Family of James Bond creator commissions sequel to magic car tale
In 1964 it was a fictional Paragon Panther; in 2011 the all-new Chitty Chitty Bang Bang will be a souped-up VW camper van.
It was announced on Tuesday that the family of Ian Fleming, creator of the original Chitty, had asked author and screenwriter Frank Cottrell Boyce to write a sequel, to be titled Chitty Chitty Bang Bang Flies Again, the first of three new titles.
Cottrell Boyce, whose first book, Millions, was made into a film by Danny Boyle, said he had "no idea" why he had been asked: "I haven't asked them in case it's all a case of mistaken identity."
Boyce has gone back to Fleming's book for the first time since he was a child and was delighted, he said, to conclude that it is crying out for a sequel. "I've had a lot of fun writing these books, but somewhere among all the fun I found it strangely emotional to revisit myself as a boy and ask if he could help me restore an old-fashioned contraption and make it fly again."
Fleming originally made up the Chitty tale, about a family whose car develops unusual powers, as a bedtime story for his son Caspar.

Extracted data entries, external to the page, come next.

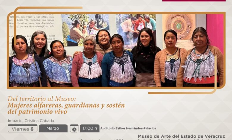 Xalapa, Ver., jueves 05 de marzo de 2026.- En el marco de la conmemoración del Día Internacional de la Mujer, la Secretaría de Cultura de Veracruz (SECVER) invita a la conferencia Del territorio al museo: mujeres alfareras, guardianas y sostén del patrimonio vivo, el viernes 06 de marzo a las 17:00 horas en el Museo de Arte del Estado de Veracruz (MAEV), en la ciudad de Orizaba.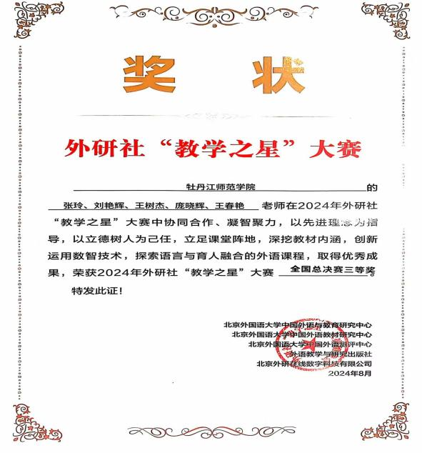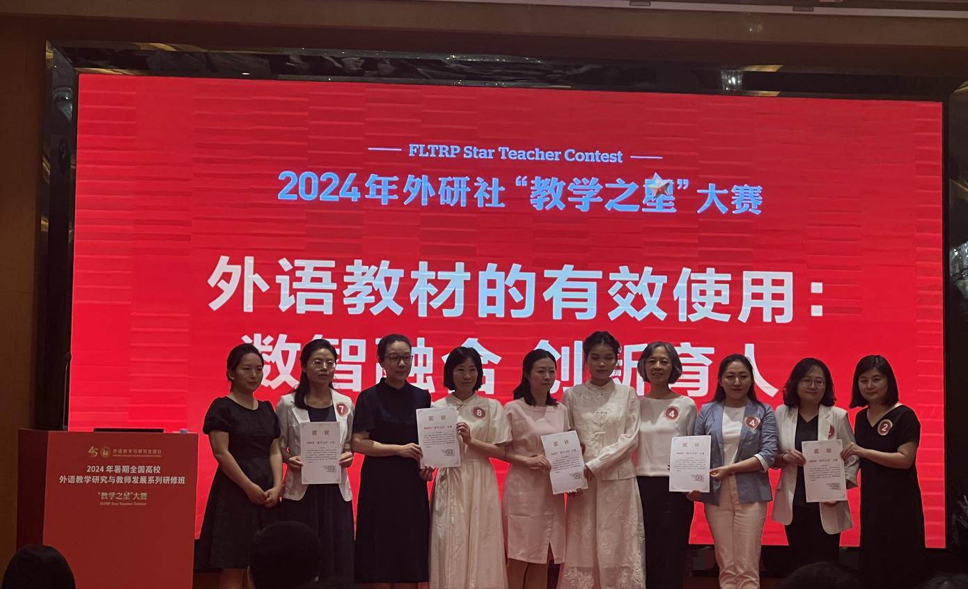 据悉,2024年外研社“教学之星”大赛以“外语教材的有效使用:数智融合,创新育人”为主题,引领教师落实立德树人根本任务,探索数字赋能教学创新,切实提升教学育人效果。接到赛讯后,由3044am永利教师张玲、刘艳辉、王树杰、庞晓辉、王春艳组成的“理解当代中国”教学团队,结合大赛主题,精心选择了参赛单元,并认真完成了教学设计方案和教学展示视频的录制。团队提交的参赛材料最终在全国“理解当代中国”组149个参赛团队中脱颖而出,获得了全国复赛特等奖以及全国半决赛的比赛资格。获得全国半决赛比赛资格后,团队教师积极备赛,认真钻研,精心打磨并完善课程。教学团队于2024年8月1日赶赴合肥,与来自全国包括华中农业大学、广东外语外贸大学等高校23个优秀的教学团队同台竞赛,最终取得了全国半决赛二等奖,全国总决赛三等奖的好成绩。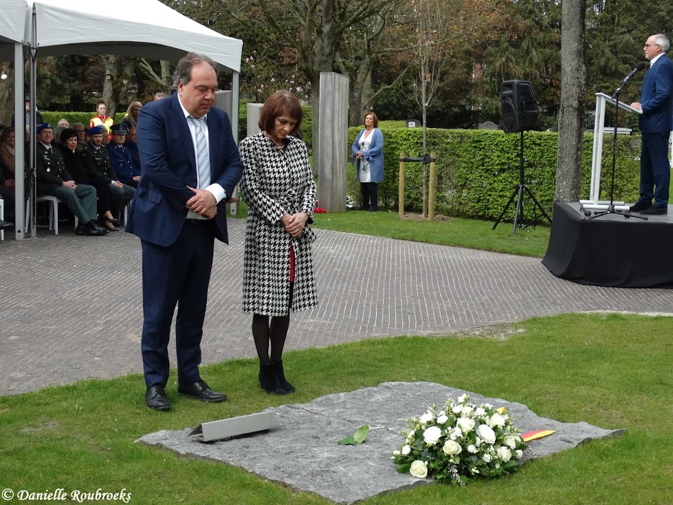 De huidige en vroegere burgemeester brengen samen hulde aan de slachtoffers. -

When the writer had a heart attack and his wife banned him from his typewriter, he wrote the Chitty Chitty Bang Bang stories out in longhand instead of working on his next Bond novel.
The book was published in 1964 and became even more famous when it was made into a 1968 film with Dick Van Dyke as Caractacus Potts.
The new novel, to be illustrated by Joe Berger, will be published on 4 November. It follows the new Bond novel by Sebastian Faulks, Devil May Care.